I’m sitting in a coffee shop, rain tapping against the windows. I have a mountain of homework, I have to get ready for work the next day, I have to make dinner and clean and do laundry. It’s a busy day and I’m just existing to get through.
A song enters my head, lyrics that for some reason still cling to memory years after hearing them. It’s a Jon Foreman song, “White As Snow”. The lyrics are:
Would you create in me a pure heart, O God
Restore in me
The joy of Your salvation
I had been doing a devotion earlier, Psalm 51. The verses stuck out to me because I had heard them before in the song. I knew they were Biblical, but I had never gone searching for the actual passage. Without meaning to find the verses, they found me instead. The verses and lyrics are rolling around in my head and I finally stop to put the pieces together. I feel the weight of David’s crying out to God echo through thousands of years of Christians struggling with confusion and doubt and a lack of joy.
I think sometimes about whether I’m really saved, whether I’ve really truly understood “the joy of salvation”. In a world of tangible matters like a husband who asks if I can help with the dishes and children at work who need me to help them put their shoes on and the endless papers I print out and delicately place flat into my backpack so they’re not wrinkled for school, it’s hard to feel the joy of something spiritual. I can understand a warm embrace, doing my job well, accomplishing a task. Sometimes I cannot wrap my head around the whisper from heaven that says I’m saved and I’m loved by the Father. Sometimes I feel joy after a great sermon or worship song, sometimes I go days feeling nothing at all.
But I take comfort, today in the coffee shop as the rain runs in rivulets down the glass. In the drops of water I see the messy connectedness of believers, some droplets running together for a time before diverging into separate rivers or sitting quietly on their own before fading back into mist. Sometimes we feel connected to the church body and to Christ, sometimes we lack the joy of salvation and we wander alone for a time. David felt it, even as the beloved of God, striking down armies in His name. He had everything: a throne, beautiful women, power, respect. But he still cried out to God to be restored to the cleanliness and purity of those washed by grace, and he still struggled with the temptation to abandon God for the false joys of this fragile life.

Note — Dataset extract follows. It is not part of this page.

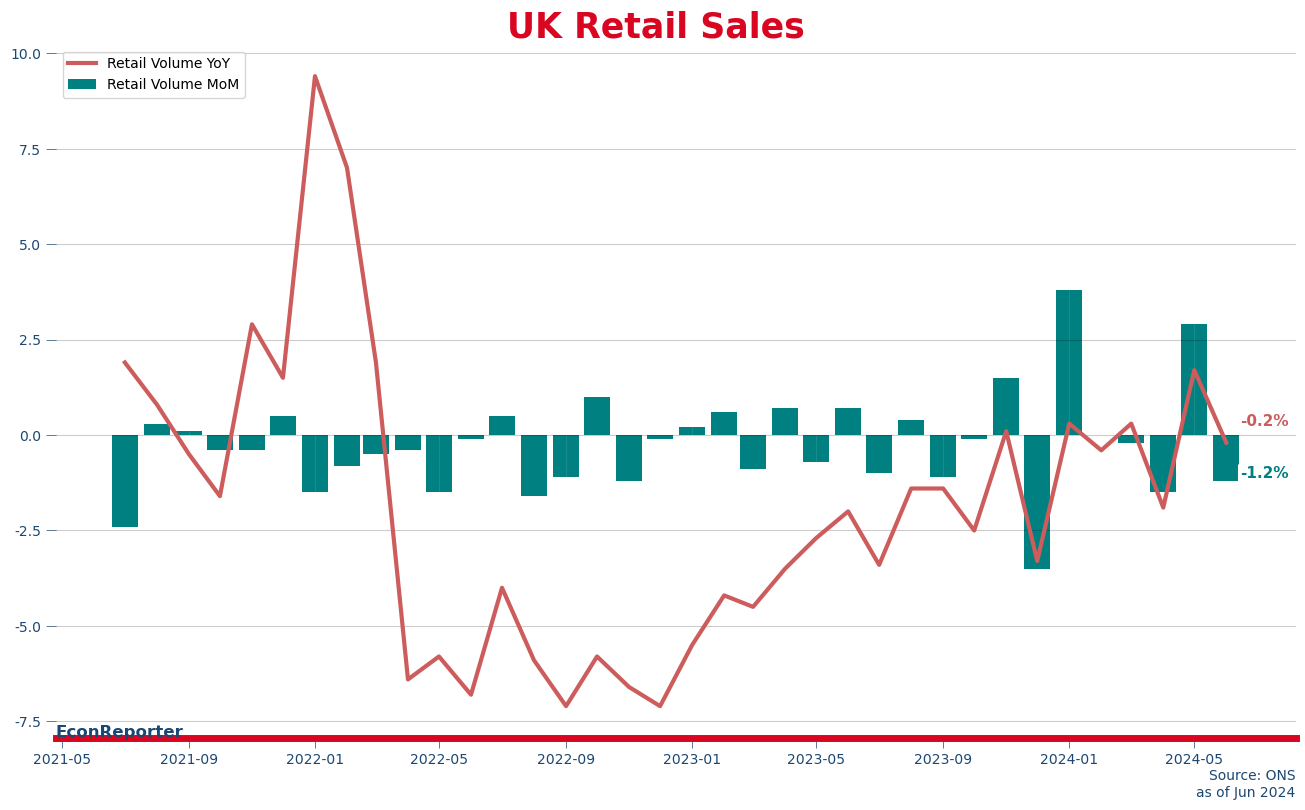 Retail volume: -1.2% MoM (May: 2.9%); -0.2% YoY

Who knew that thousands of years later Jon Foreman would sing David’s lyrics, with the same lament and crying out to be restored? I see with clarity the endless crowds of Christians through Biblical times to now, all hurting and wondering why things don’t feel right and why God feels so far away. The truth is that we all lack the joy of salvation. We all desperately need to be washed white as snow, daily. Hourly.
At this point in life, I do not feel the joy of salvation. I’ve been so consumed by my own life and the seemingly meaningless tasks I have to complete day by day, that I cannot see the larger picture of salvation and glory. I stand with David, or rather, I fall to my knees in front of the Father with David, crying out for the clean heart and the joy of salvation I desperately need. That we all desperately need.
So I will sing, every day. I will plead with God that He would wash me white as snow, so I may be made whole.
In the coffee shop, the rain still pours down. The clouds will not break, the work I have to do is still waiting. I still feel empty and useless. But I keep thinking of Psalm 51 and the lyrics of Jon’s song. I am not alone. I will continue to ask that the joy of salvation be restored, and I trust that I will feel it someday soon.